Your well water comes from old rock layers filled with cracks and tiny spaces underground. These are Mississippian rocks—ancient stone deposited hundreds of millions of years ago. Water seeps down through soil and settles into these fractured rocks, where your well draws it up.
Radon enters your water from radioactive materials naturally trapped in the rock. As these materials break down slowly over time, radon gas seeps into the groundwater. Iron and sulfate dissolve out of the rock itself as water sits in contact with minerals. Chloride comes from road salt spread on local highways that filters down into the ground.
Your water carries very high amounts of minerals. The hardness level is extreme, which means thick scale will build up inside pipes and water heaters. Iron will stain your sinks, toilets, and laundry orange. The sulfate and sodium give the water an unpleasant taste. You need a treatment system designed to handle multiple contaminants at once.
Radon exceeds EPA health standards in Lycoming County wells and poses a serious risk to your family. Iron, sulfate, and chloride also exceed EPA limits. This combination of contaminants means your water needs testing and likely treatment right away.

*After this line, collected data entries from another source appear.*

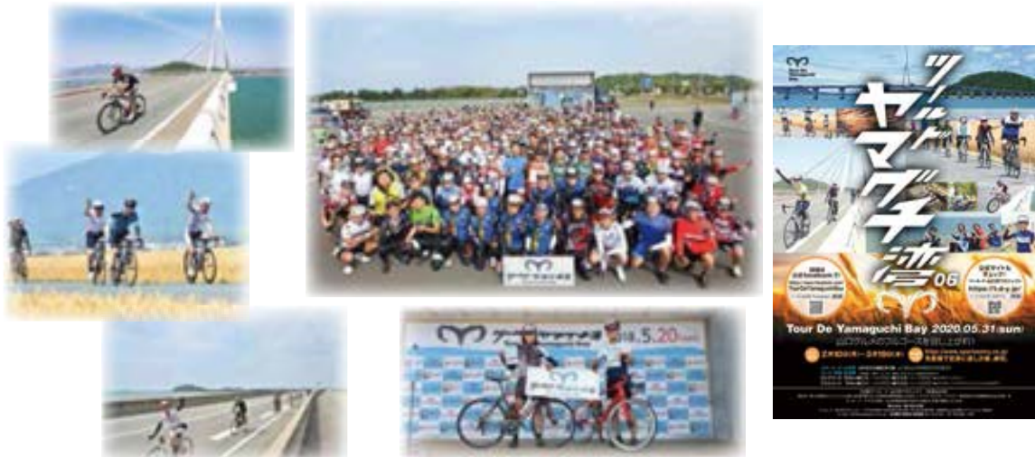
自転車を活用したスポーツイベント開催事例（ツール・ド・山口湾）
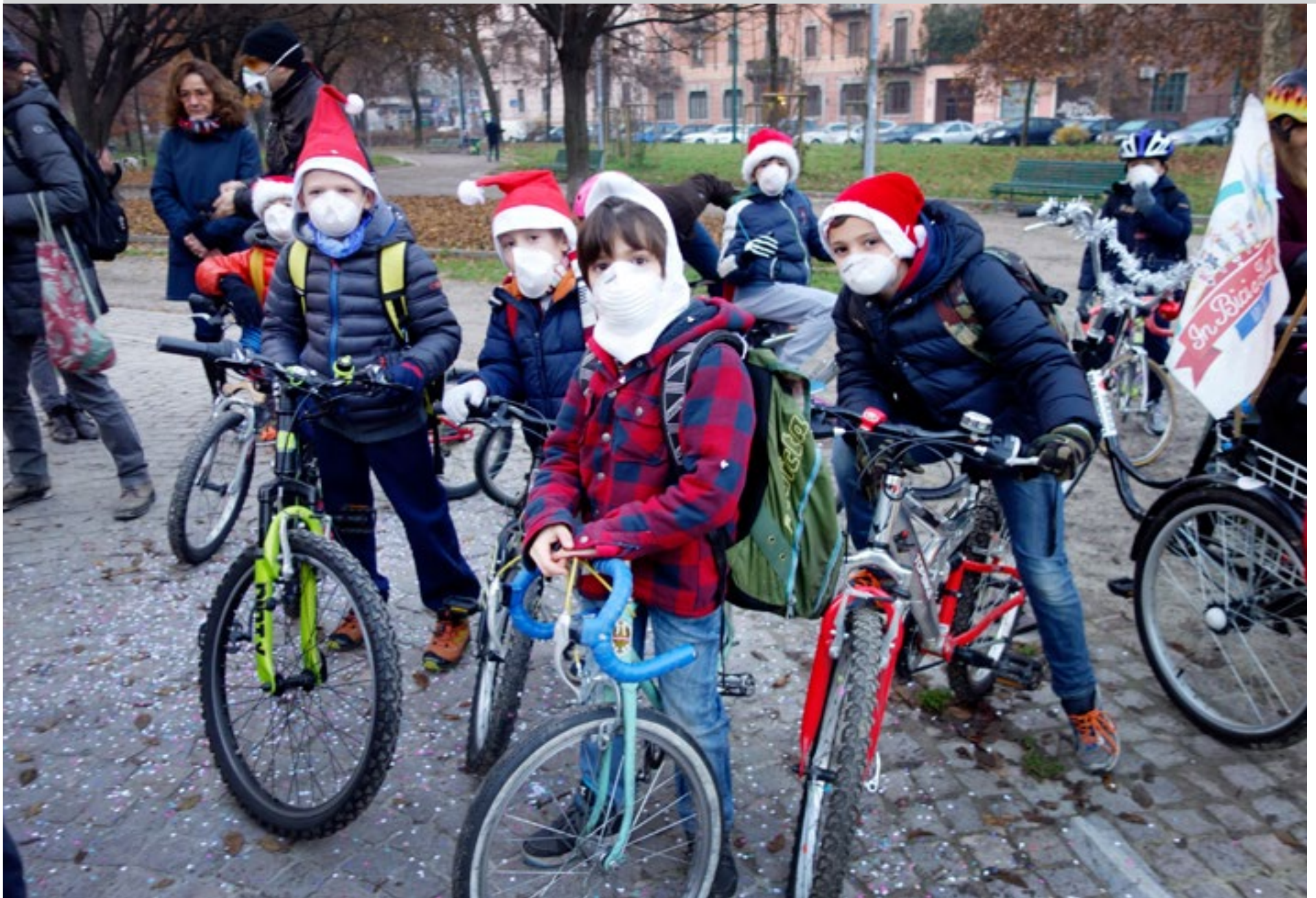
Det är snart skolavslutning och eleverna är denna morgon iförda tomteluvor och munskydd. De kastar konfetti och ska få förbipasserande att stanna upp och tänka efter.
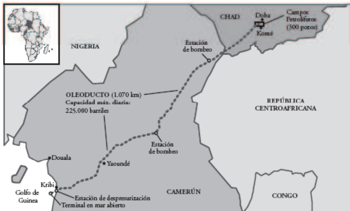
MAPA 1: EL OLEODUCTO CHAD-CAMERÚN
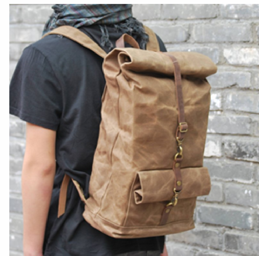
Imagen 2: Etsy
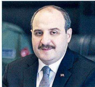
Sanayi ve Teknoloji Bakanı Mustafa Varank

Varank, sanayi üretiminin martta yüzde 2.1'lik artışla aylık bazdaki pozitif seyrini sürdürmeye devam ettiğini belirterek, "Pozitif seyre katkı sağlayan sermaye malları ve ara malı üretimindeki artışlar, reel sektörümüzün ekonomiye olan güvenini göstermesi açısından önemli" ifadelerini kullandı.
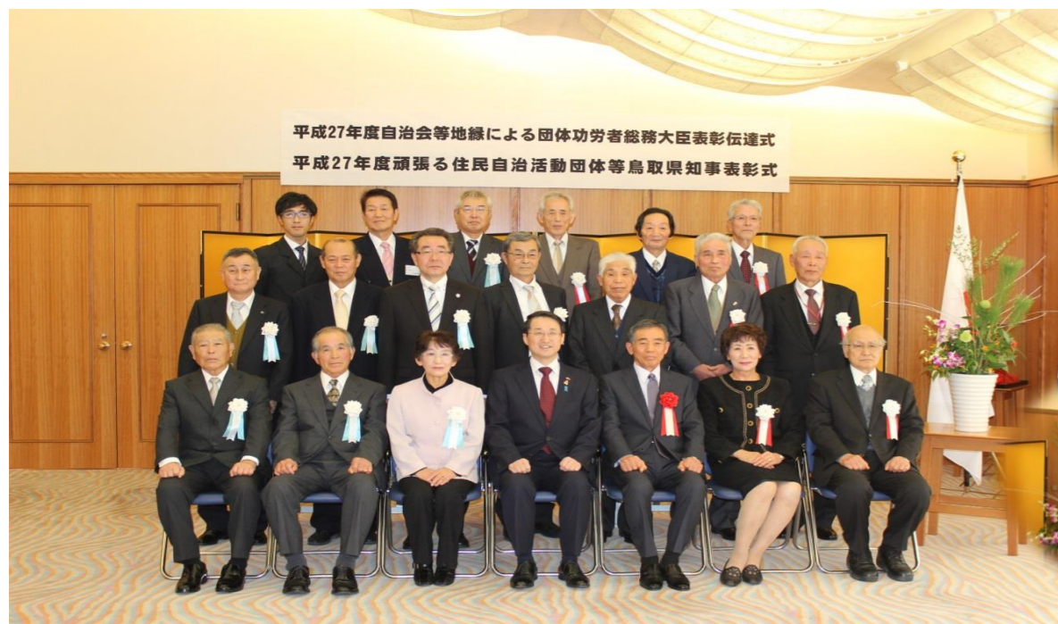
受賞者全員で記念写真(知事公邸にて)
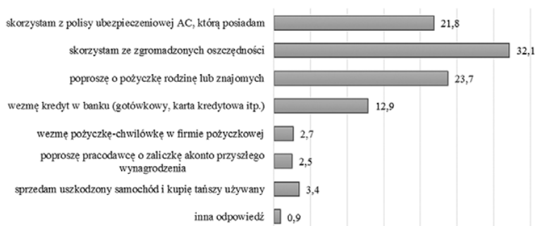
Rys. 2. Źródła finansowania nieprzewidzianych wydatków przez Polaków
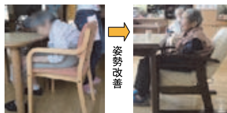
図3. 背中が曲がった高齢者のための椅子
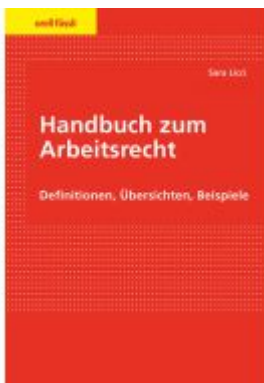
Handbuch zum Arbeitsrecht Ladenpreis: 71,00EUR
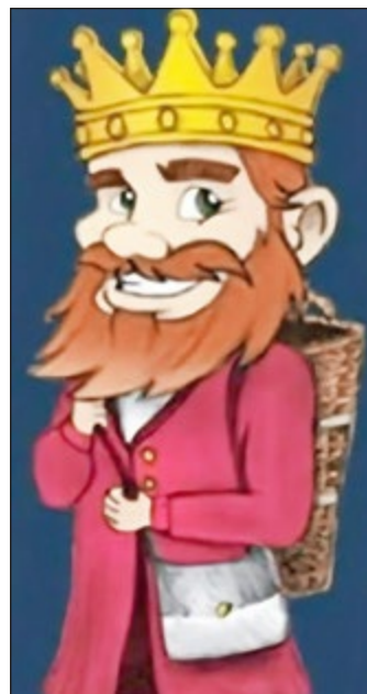
Unser König Morassin

Auf eine atemberaubende Reise durch unsere Morassina begibt man sich mit unserer Taschenlampenführung . Im Schein der Taschenlampe entdeckt man die vielfältigsten märchenhaften Gesteinsformationen und die Farbenpracht, die unser Tropfsteinkönig Morassin hinterlassen hat.
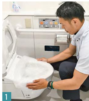
1 便座を上げ、ゴミ袋を二重にして便器にかぶせる

停電や断水などで長期間トイレが使えなくなることもあり、安心してトイレに行ける環境を整えることが大切です。ペットシートは水こぼしを拭く布代わりや、冷却シートや湯たんぽのようにも使えます
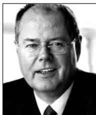
Peer Steinbrück Stellvertretender Vorsitzender Geboren am 10. Januar 1947 in Hamburg, verheiratet, drei Kinder.
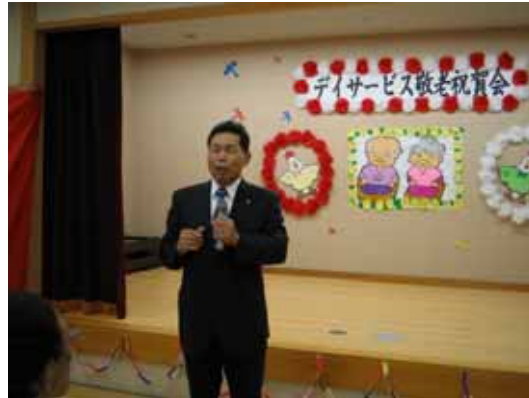
関町長から元気の出るごあいさつをいただきました。

Long-term exposure to radon increases cancer risk when the gas is released into your home. High iron will stain your sinks, toilets, and laundry orange and damage pipes and appliances. Extreme sulfate levels give water a bitter taste and can upset your stomach. The water here is extremely hard, causing thick scale buildup on fixtures and shortening the life of your water heater.
Get your well tested by a state-certified lab immediately—a comprehensive metals and minerals panel runs $200–400. A basic health screen for bacteria and nitrate costs $50–100 but won't catch all the problems in your area. A whole-house treatment system combining radon removal, iron filtration, and water softening can address multiple contaminants at once.
| Contaminant | Samples ⓘ | % Above MCL ⓘ | Distribution ⓘ | Confidence ⓘ | Risk ⓘ |
|---|---|---|---|---|---|
| Radon | 46 | 61% | 26% · 13% · 61% | Moderate | High ⓘ |
| Iron | 5 | 25% | 20% · 60% · 20% | Low | High |
| Sulfate | 34 | 12% | 85% · 3% · 12% | Moderate | Moderate |
| Chloride | 88 | 9% | 86% · 4% · 9% | Moderate | Moderate |
| Uranium | 5 | 0% | 100% · 0% · 0% | Low | Low |
| Arsenic | 6 | 0% | 83% · 17% · 0% | Low | Low |
| Nitrate | 1 | 0% | 100% · 0% · 0% | Low | Safe |
| pH | 18 | — | — | Moderate | Low |
| Fluoride | 1 | 0% | 100% · 0% · 0% | Low | Safe |
| Manganese | 1 | 0% | 100% · 0% · 0% | Low | Safe |
| Lead | 1 | 0% | 100% · 0% · 0% | Low | Safe |
| Nitrite | 1 | 0% | 100% · 0% · 0% | Low | Safe |
| Total Coliform | 1 | 0% | 100% · 0% · 0% | Low | Safe |
| E. coli | 1 | 0% | 100% · 0% · 0% | Low | Safe |
| Sodium | 95 | — | — | Moderate | Low |
| Fecal Coliform | 1 | — | — | Low | Safe |
| Hardness | 34 | — | — | Moderate | Low |
MCL = Maximum Contaminant Level (EPA limit for public water; used as benchmark for private wells). Distribution shows % of sampled wells in each concentration band. Methodology.